Construire de nouvelles fictions

Face à l’imminence d’un effondrement écologique, la solution commence avec les histoires que l’on se crée.

Texte — Cyril Dion
Photos — Will Truettner & Chris Barbalis

Tout nait de nos récits.

 

Tout nait de nos récits. Nous avons donc, avant toute chose, une bataille culturelle à mener (même si je n’aime pas utiliser des termes guerriers pour le dire). Il est fondamental de proposer une vision écologique désirable de l’avenir, de constituer des références culturelles fortes, de projeter un imaginaire puissant, de structurer un projet tangible, à la fois politique, économique, mais également urbanistique, architectural, agricole, énergétique…
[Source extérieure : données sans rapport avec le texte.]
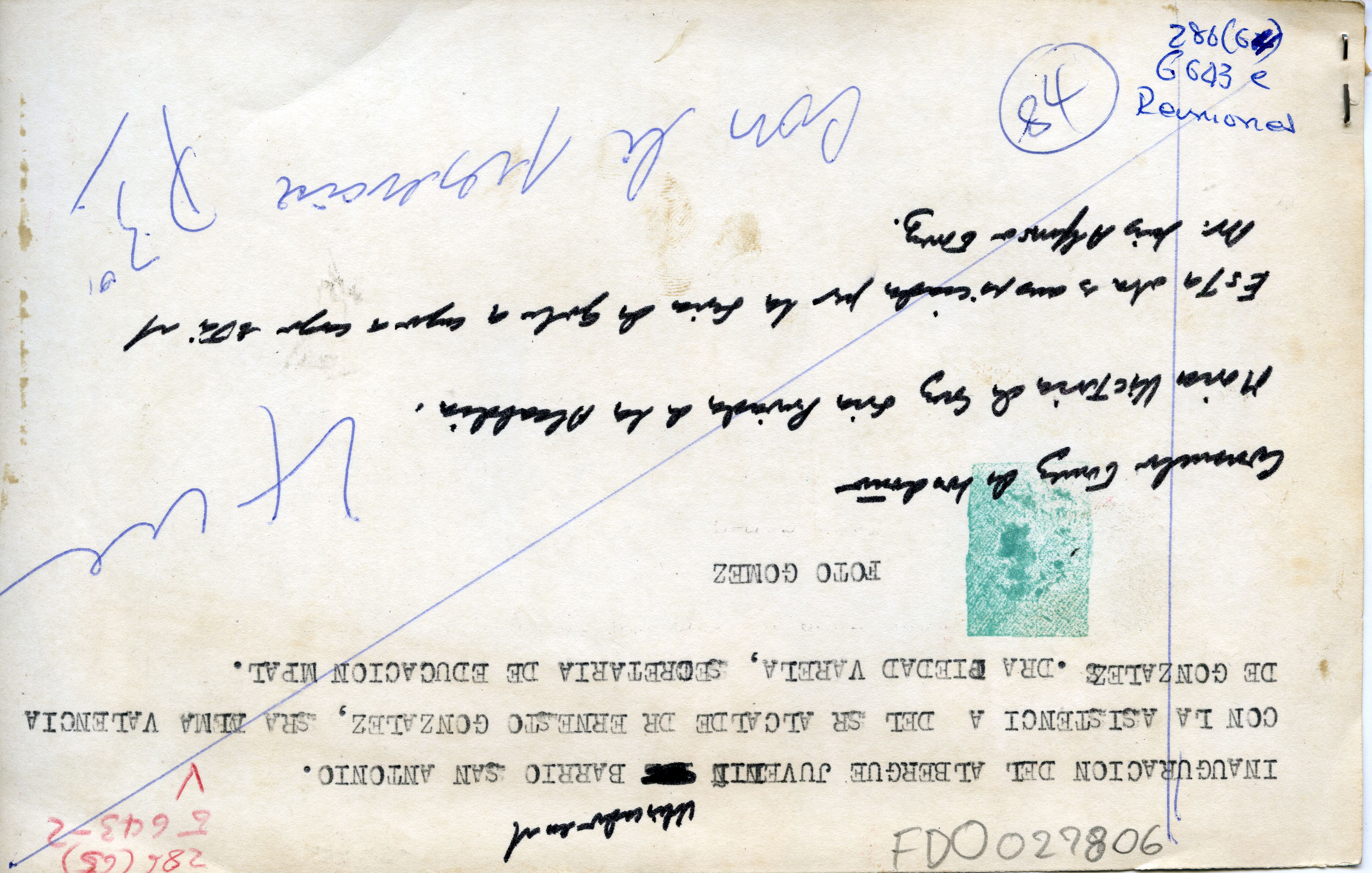 "Reverso (tipo maquina de escribir): Inauguración del albergue juvenil barrio San Antonio. Con la asistencia del sr. alcalde dr. Ernesto González, Sra Alma Valencia de González, dra. Piedad Valencia, secretaria de educación mpal."

Nous avons besoin de rêver, d’imaginer quelles maisons nous pourrions habiter, dans quelles villes nous pourrions évoluer, quels moyens nous utilise­rions pour nous déplacer, comment nous produirions notre nourriture, de quelle façon nous pourrions vivre ensemble, décider ensemble, partager notre planète avec tous les êtres vivants. Petit à petit, ces récits d’un genre nouveau pourraient mâtiner nos représentations, contaminer positivement les esprits, et, s’ils sont largements partagés, se traduire structurellement dans des entreprises, des lois, des paysages…
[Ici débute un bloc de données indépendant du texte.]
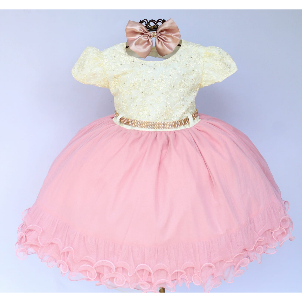 Vestido Infantil Daminha Casamento Festa Luxo creme e rose com

Ces récits peuvent évidemment être portés par des artistes. C’est ce que nous avons, parmi d’autres, tenté d’amorcer avec [notre documentaire] Demain, mais cela mérite d’être poursuivi, amplifié à travers des romans, des films de fiction, d’autres documentaires, des bandes dessinées, des essais, des peintures, des dessins, des œuvres graphiques de toutes natures… Mais les récits ne se bornent pas aux artistes. Chaque entrepreneur qui invente une nouvelle façon de construire son activité, chaque ingénieur qui élabore de nouveaux fonctionnements, chaque éco- nomiste imaginant de nouveaux modèles, chaque élu qui réinvente l’administration de son territoire, chaque collectif qui se forme pour accomplir quelque chose qui sort de l’ordinaire, chaque journaliste qui en rend compte, chaque personne qui prend des orientations nouvelles dans son quotidien (devenir végétarien, cesser d’emprunter sa voiture, vivre dans une maison à énergie positive, changer de métier, entamer une démarche zéro déchet…) raconte à sa manière une histoire qui peut inspirer son entourage, si tant est qu’elle ne cherche ni à convaincre, ni à évangéliser.

Choisir est épanouissant. Inventer est fichtrement excitant. Sortir du conformisme renforce l’estime de soi. Être bien dans ses baskets est contagieux. Résister en ce début de 21e siècle commence donc, selon moi, par refuser la colonisation des esprits, la standardisation de l’imaginaire.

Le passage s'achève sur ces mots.